'''

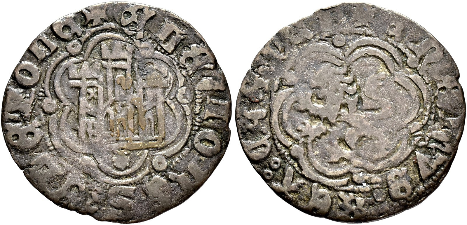 REINOS DE CASTILLA Y LEÓN. ENRIQUE III. Blanca. Coruña. Venera en posición correcta. A/ + ELEGIONIS: EDETOLE. VE 1,69 g. 22,5 mm. III-599.1; BMM-766.5; Orol-ME.583 BC+/MBC-. Rara.
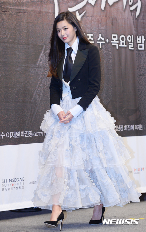 【서울=뉴시스】김진아 기자 = 배우 전지현이 14일 서울 강남구 임피리얼팰리스호텔에서 열린 SBS 드라마 '푸른 바다의 전설' 제작발표회에서 포즈를 취하고 있다.
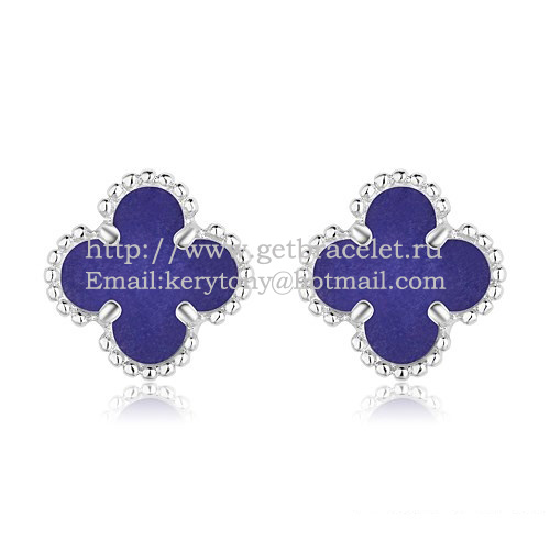 Van Cleef Arpels Sweet Alhambra Earrings White Gold With Lapis Stone Mother Of Pearl
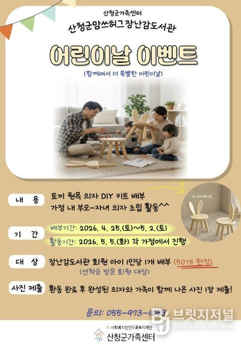 브릿지저널 김경미 기자 | 산청군가족센터는 어린이날을 맞아 ‘함께여서 더 특별한 어린이날’사업을 추진한다고 21일 밝혔다.
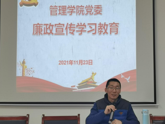为有效落实学校开展的廉政宣传教育月活动,进一步增强教师党员干部党性观念,警示教育党员干部,严守底线,不越红线,2021年11月23日下午16:00,管理学院党委组织学院全体党员在G505廉政宣传学习教育党员大会。会议由院党委副书记谭超主持,学院44名党员参加了本次教育学习。
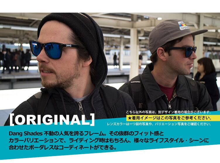 元々「Hang Loose(気楽にいこう)」というハワイのサーフ・カルチャーから始まったスラング(握りこぶしの親指と小指を立てて振るジェスチャー)をもじって、「Dang Loose Shades(めちゃくちゃゆるいカンジのサングラス)」と呼んでいたのを、Looseが抜けて「Dang Shades」というブランド名に。失くしたり壊したりしてもすぐに買い換えられるお手頃な価格で非常に好評なアイウェア。スポーツやフィッシングなどのアクティビティはもちろん、ドライブや買い物など普段使いまで、様々なライフスタイル・シーンまで幅広く、洋服を着替える様に気軽に使える遊び感覚に溢れたモデルが続々登場しています。
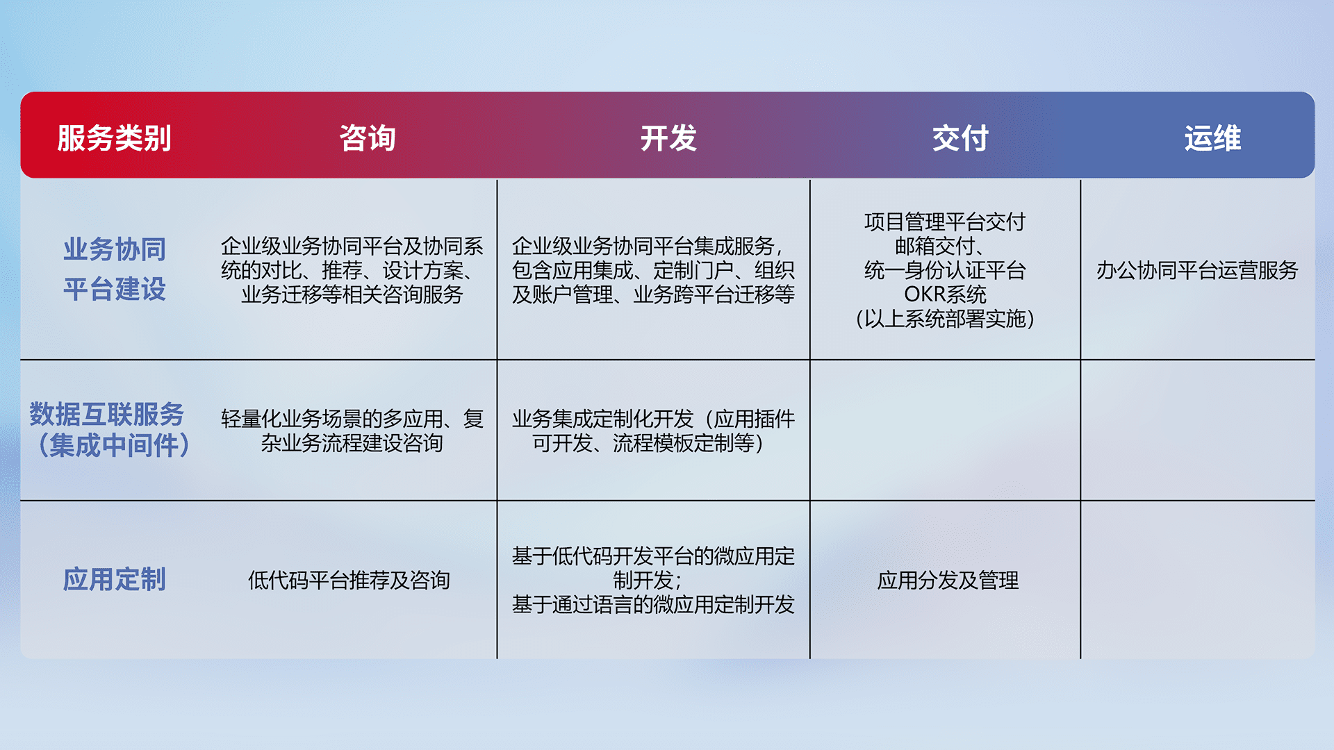针对钉钉、、、、企微、、、、IDaas等平台级产品提供产品的规划、、方案、、、交付、、、、定制化开发等服务,,,,实现如统一协同办公、、、、智能客户服务、、、混合会议管理、、、智能数据查询、、、、等业务场景,,实现数字化转型。。。。

'''

### TASK BRIEF
Look at the listing and set down only the lines from its start through the line with "브릿지저널 김경미 기자", word for word and without pictures.

### ANSWER AREA
 REINOS DE CASTILLA Y LEÓN. ENRIQUE III. Blanca. Coruña. Venera en posición correcta. A/ + ELEGIONIS: EDETOLE. VE 1,69 g. 22,5 mm. III-599.1; BMM-766.5; Orol-ME.583 BC+/MBC-. Rara.
 【서울=뉴시스】김진아 기자 = 배우 전지현이 14일 서울 강남구 임피리얼팰리스호텔에서 열린 SBS 드라마 '푸른 바다의 전설' 제작발표회에서 포즈를 취하고 있다.
 Van Cleef Arpels Sweet Alhambra Earrings White Gold With Lapis Stone Mother Of Pearl
 브릿지저널 김경미 기자 | 산청군가족센터는 어린이날을 맞아 ‘함께여서 더 특별한 어린이날’사업을 추진한다고 21일 밝혔다.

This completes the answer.